Now take 1 medium sized tomato and blend it properly to make tomato puree.
Take a heavy bottomed pan or kadhai. Pour some vegetable oil in it.
Fry the potatoes and Patal inĀ kadhai for 5-7 minutes until the veggies turn golden.
Take out the fried patal and aloo (potatoes). In the same pan, temper the oil with Panch phoron, Bay leaves and dry red chilly.
After that add the tomato puree and ginger garlic paste in the pan. Saute for 4-5 minutes in medium flame.
In between add some turmeric and salt as required.
Add the fried vegetables into the pan. Mix all well and saute for around 2-3 minutes.

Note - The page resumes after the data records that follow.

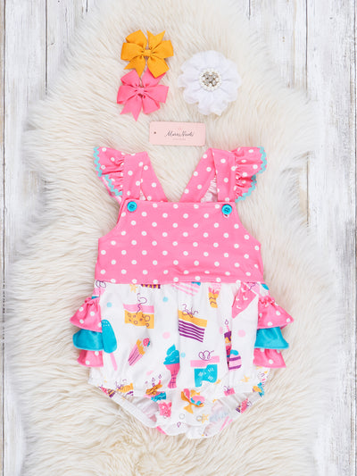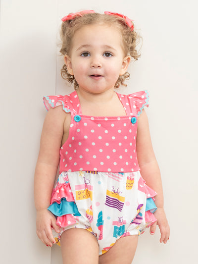 Get ready to party with our Pink Party Treats Ruffle Bubble! This cute and fun bubble features playful pink polka dots and ruffles, perfect for any celebration. Don't forget to snag the matching sister set for double the cuteness. Let the party begin! 🎉
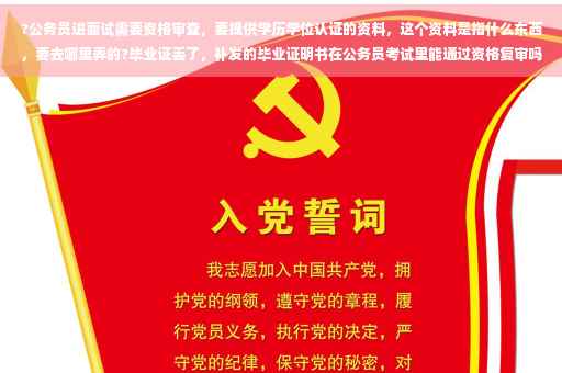 我也是今年公考进面,题主未说明自己是否是应届毕业生,那么我从两个情况来答: 已经毕业的,资料有学位证,毕业证书和在学信网上注册并打印的学籍证明(这个需要缴纳1块钱)以及准考证, 对于尚未发放毕业证、学位证书的高校毕业生由学校教务部门出具相关证明,具体你可以主动联系自己的导员具体了解,导员对于这些东西是再熟悉不过的,这样比较可靠。
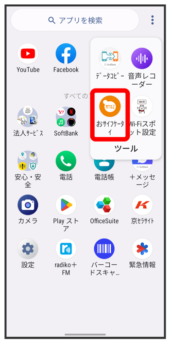 おサイフケータイ®画面が表示されます。
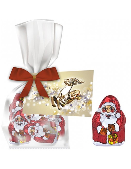 Mini Schoko-Weihnachtsmänner, ca. 35g, Express Flachbeutel mit Schleife mit Werbekarte
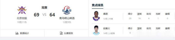 值得一提的是,本场北控两人拿到两双数据,佩里20分16篮板,邹雨宸11分11篮板,伤愈复出的沈梓捷只打了16分钟,拿到4分4篮板!青岛队只有3人得分上双,其中米奇11分12篮板,并贡献了五佳球灌篮。

Pour some water in the pan.
Cover the pan with a lid. Let it cook on medium flame for around 3-4 minutes.
Stir the veggies with a spatula in between to avoid stickiness in the bottom of pan.
When the veggies are cooked well and the gravy consistency has turned perfectly as per your preference, turn off the flame.
Sprinkle 1/2 teaspoon garam masala and cover the pan.
Rest it for a minute, open the lid. The sabzi is ready to be served hot with Rotis or Rice.